今季定点観察してきたコアシナガバチ(Polistes snelleni)の巣bをコロニー解散後に軒下から採集しました。
巣盤が拡張するにつれて大きく反り返った舟形になるのが本種の特徴です。
屋根や垂木など障害物の入り組んだ狭い空間での拡張を余儀なくされたので、全体が歪な形状になっています。
最終的な育房数は141室、不完全な空室が51室ありました。
(ピンクの油性ペンで印を付けながら数えました。)
100円ショップで購入したフィギュアケースに入れて密閉保管することにしました。
2011年2月下旬
採集から3ヶ月経った夕刻、容器内で飛び回っている一頭のミクロ蛾に気づきました。
ケースの隙間はテープで密閉されているので、外からの混入は有り得ません。
ちょっとした密室ミステリです。
コアシナガバチの巣を採集した時点では寄生を疑わせるような不規則網や虫食い跡は無かったので、全く予想外の展開でした。
本来ならば越冬してから成虫が羽化するはずですが、野外より暖かい室内(暖房なし)で季節外れに羽化してしまったのでしょう。
横着してナフタリンなどの防虫剤を容器に同梱してなかったのが幸いしました。
すっかり馴染みになったカザリバガ科マダラトガリホソガの一種(Anatrachyntis sp.)と思われます。
昨年2個採集したキアシナガバチの巣から同様に得られた寄生蛾と素人目には同種に見えます。
(関連記事はこちら→幼虫編、成虫編)
解剖して交尾器を調べてみないといけないらしいのですが、もし同種だとすると、この蛾はキアシナガバチおよびコアシナガバチの巣を寄主とすることが判明しました※。
※以前、虫我像掲示板にて質問した際の回答を引用します。
『誘蛾燈』198号(2009)で記録されたマダラトガリホソガに近縁な未同定種と同種と思われます。
記録のほうもコロニー解散後の蜂の巣を採集して、春に羽化させたものです。蜂の種は少し違い、セグロアシナガバチ、コアシナガバチ、コガタスズメバチの巣とありました。
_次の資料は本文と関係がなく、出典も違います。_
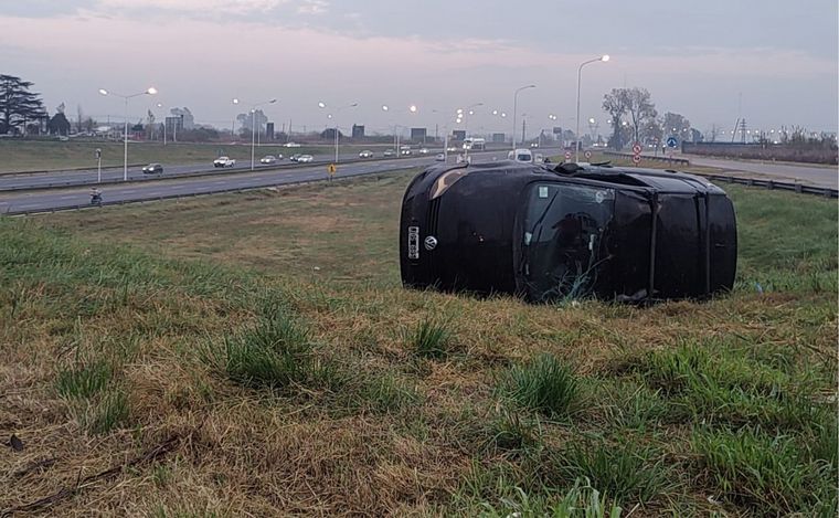 Padre e hija se salvaron tras volcar su auto en la Circunvalación de Rosario
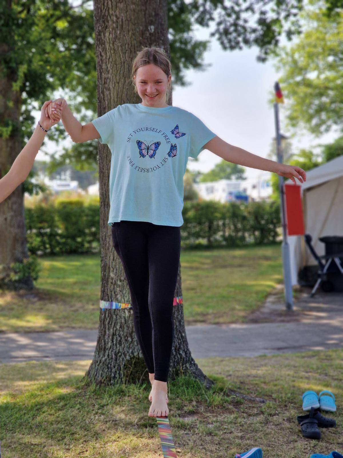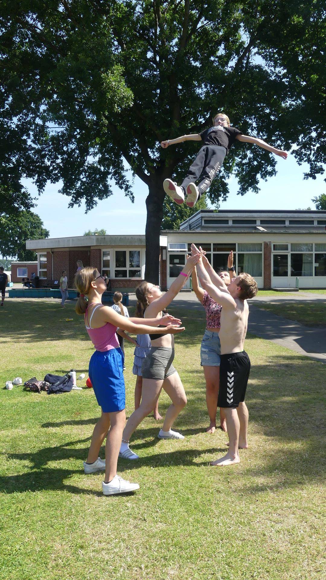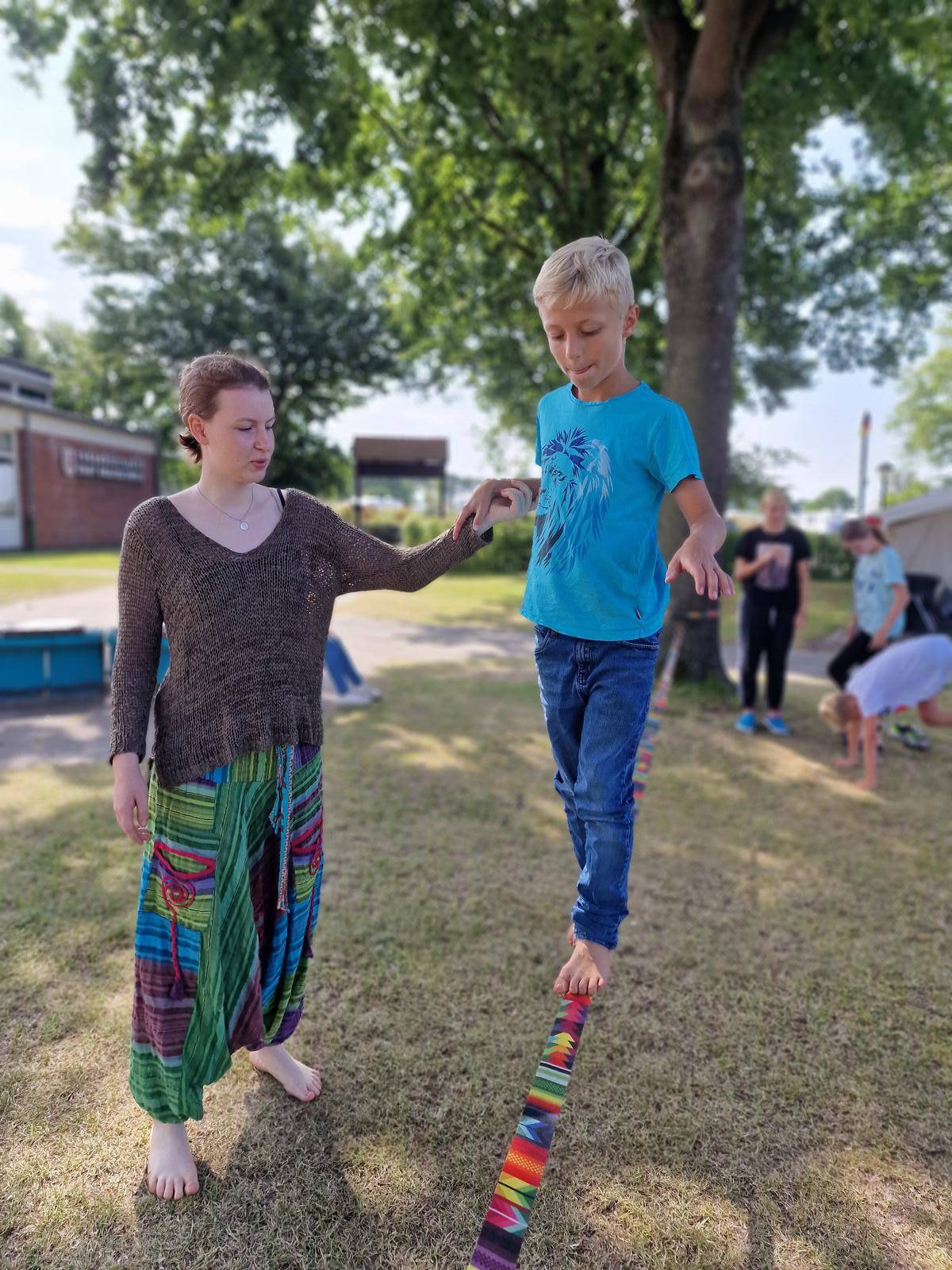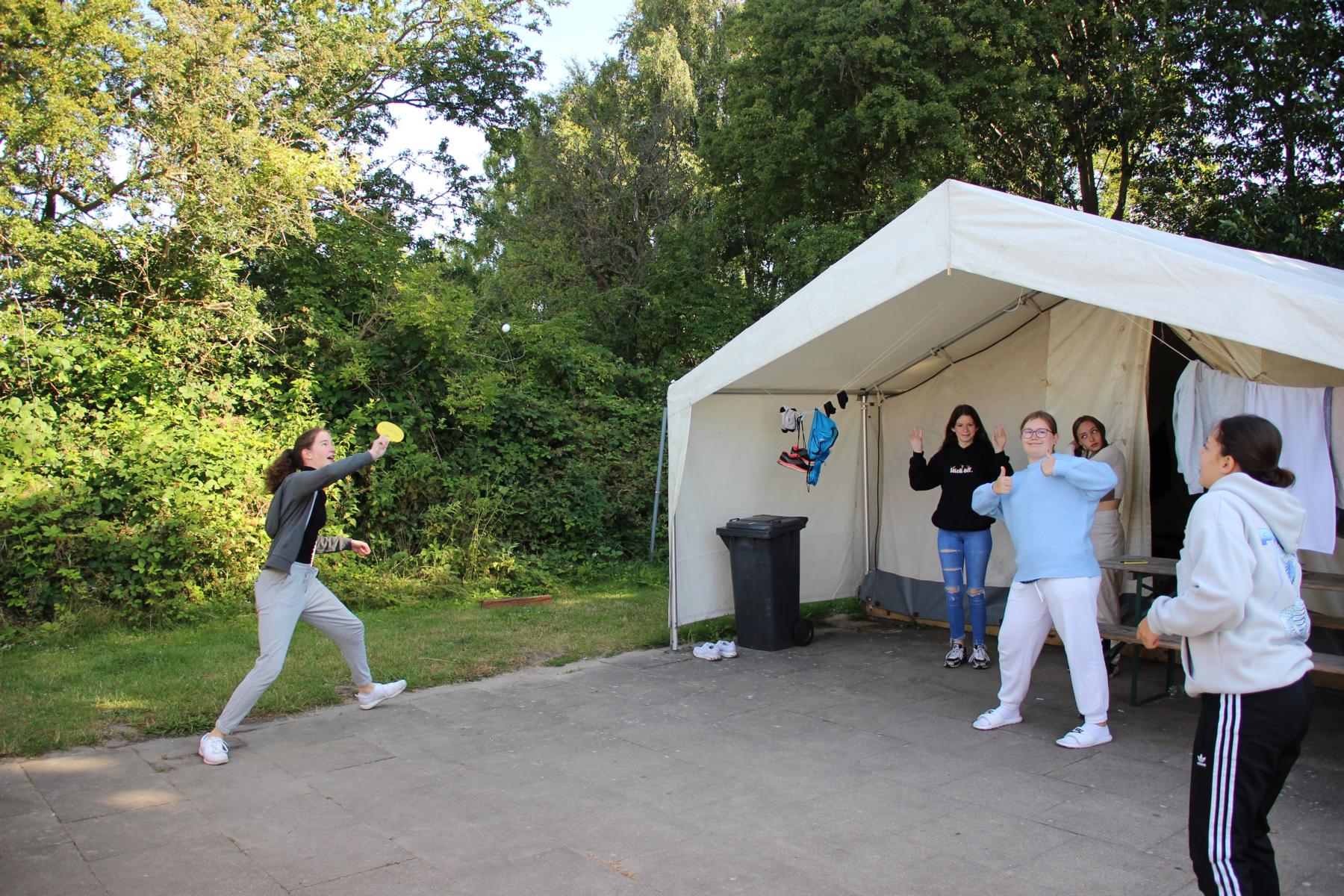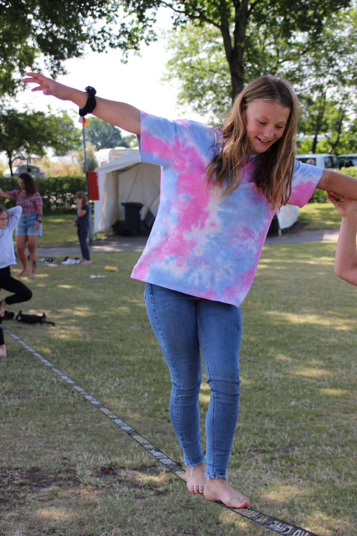 Nach dem Frühstück begann das Sporttraining. Das Gleichgewicht konnte auf der Slagline geschult werden. Auch beim Cheerleading war es möglich sein Gleichgewicht, den festen Stand und das verhalten in der Luft zu optimieren. Durch Fußball, Basketball, Badminton und Volleyball konnte man seine Agilität, Geschwindigkeit und Geschicklichkeit verbessern.

このあたりの仲間は現在研究者不在なので、当面のあいだは名前が決まることはないでしょうね。
私が採集した二種の巣は直線距離で約5km離れており、それぞれ山地(里山の麓)および平地の軒下にありました。
当地では普通種の蛾なのかもしれません。
ちなみに、昨年同じ地域から2個採集したムモンホソアシナガバチの巣からは今のところ寄生蛾は羽化してきていません。
同じアシナガバチでもコアシナガバチやキアシナガバチとは属が違うので(Polistes, Parapolybia)、もしかしたら寄主選択性があるのかもしれません。
しかし未だ調べた例数が少ないので、個人的な想像に過ぎません。
【追記】
3月上旬、二頭目が羽化しました。